KABARWARTA.ID - Cuaca ekstrem yang kerap melanda wilayah tropis, termasuk Indonesia, mendorong banyak orang mencari cara cepat untuk mendinginkan suhu tubuh. Pilihan yang paling umum dan instan adalah mengonsumsi air minum yang didinginkan atau air es.

Kebiasaan menyegarkan diri dengan air dingin ini sangat lazim dilakukan, terutama ketika suhu udara mencapai titik tertinggi di siang hari. Namun, di balik kesegaran sesaat tersebut, muncul pertanyaan mendasar mengenai dampaknya terhadap sistem internal tubuh.

Pertanyaan utama yang sering muncul adalah apakah konsumsi air dingin secara rutin saat cuaca panas memberikan manfaat kesehatan atau justru berpotensi menimbulkan risiko. Untuk menjawab hal ini, pandangan dari para pakar kesehatan perlu dipertimbangkan secara seksama.

Dilansir dari detikFood, para ahli kesehatan telah memberikan pandangan mengenai keamanan asupan cairan bersuhu rendah saat tubuh mengalami panas berlebih. Secara umum, mereka memberikan perspektif yang cukup melegakan bagi mayoritas populasi.

"Minum air dingin pada dasarnya aman bagi kebanyakan orang," adalah kesimpulan yang ditarik oleh para ahli setelah mengamati respons fisiologis tubuh.

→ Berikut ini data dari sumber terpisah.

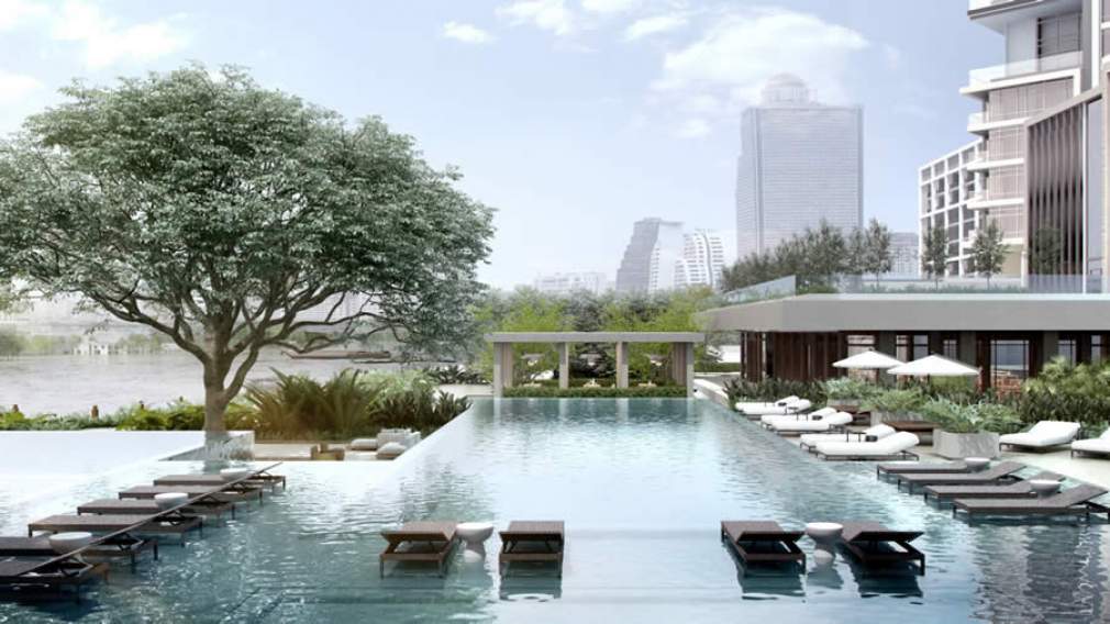 Situado a beira do rio de Chao Phraya, o arquiteto e designer Jean-Michel Gathy criou uma paisagem inovadora que integra espaços internos e externos com uma série de edifícios em cascata, pátios, terraços e lagos ao longo da Charoenkrung Road.

Hal ini menunjukkan bahwa tidak ada larangan mutlak untuk menikmati minuman dingin saat cuaca terik.

Lebih lanjut, para pakar menjelaskan mekanisme yang terjadi ketika cairan dingin masuk ke dalam sistem pencernaan. Begitu air dingin melewati tenggorokan dan memasuki lambung, tubuh segera bereaksi untuk menstabilkan kondisi.

Proses penyesuaian suhu ini memicu sebuah respons alami yang dikenal dalam ilmu biologi sebagai termogenesis. Proses ini merupakan langkah penting yang diambil tubuh untuk menjaga keseimbangan suhu inti.

"Ketika air dingin masuk ke tubuh, sistem metabolisme akan menyesuaikan suhu cairan tersebut dengan suhu internal," kata para ahli, merujuk pada cara kerja adaptasi termal tubuh. Ini adalah fungsi otomatis dari metabolisme internal.

Proses termogenesis yang dipicu oleh asupan cairan dingin ini berarti tubuh mulai memproduksi panas untuk menaikkan suhu cairan tersebut. Secara teori, ini adalah respons yang menunjukkan bahwa tubuh bekerja untuk mengembalikan kesetimbangan suhu internal yang ideal.